::: Available records

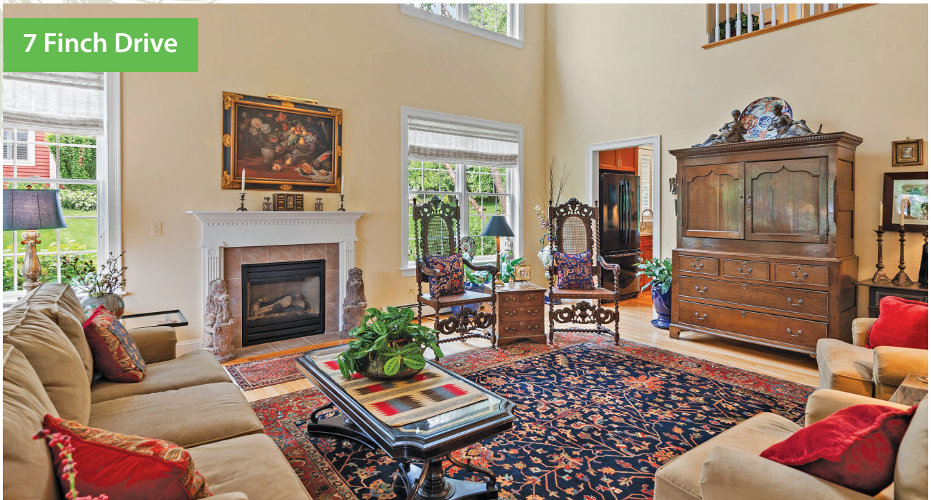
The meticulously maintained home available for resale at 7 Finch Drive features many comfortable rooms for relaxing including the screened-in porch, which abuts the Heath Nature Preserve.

::::::
::: Available records

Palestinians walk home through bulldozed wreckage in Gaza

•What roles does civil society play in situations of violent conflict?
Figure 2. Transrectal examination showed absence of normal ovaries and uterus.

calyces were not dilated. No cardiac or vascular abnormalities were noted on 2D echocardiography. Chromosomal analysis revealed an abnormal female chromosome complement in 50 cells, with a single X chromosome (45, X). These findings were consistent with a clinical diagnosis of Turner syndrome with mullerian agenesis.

::::::
::: Available records

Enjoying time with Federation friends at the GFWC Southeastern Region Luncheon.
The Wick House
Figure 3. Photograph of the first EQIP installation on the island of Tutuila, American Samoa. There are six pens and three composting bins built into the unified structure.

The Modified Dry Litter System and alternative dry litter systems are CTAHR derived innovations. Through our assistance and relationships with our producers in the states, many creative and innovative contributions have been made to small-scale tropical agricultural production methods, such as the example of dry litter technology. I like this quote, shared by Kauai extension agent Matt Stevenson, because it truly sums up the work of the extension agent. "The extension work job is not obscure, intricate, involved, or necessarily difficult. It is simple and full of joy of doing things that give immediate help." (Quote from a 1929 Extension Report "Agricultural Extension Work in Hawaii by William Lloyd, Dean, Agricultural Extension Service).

::::::

### Assignment
Transcribe each line of the data above, unaltered, from the one where "Enjoying time with" appears to the one where "Figure 3. Photograph" appears, inclusive of both.

### Reply to the task
Enjoying time with Federation friends at the GFWC Southeastern Region Luncheon.
The Wick House
Figure 3. Photograph of the first EQIP installation on the island of Tutuila, American Samoa. There are six pens and three composting bins built into the unified structure.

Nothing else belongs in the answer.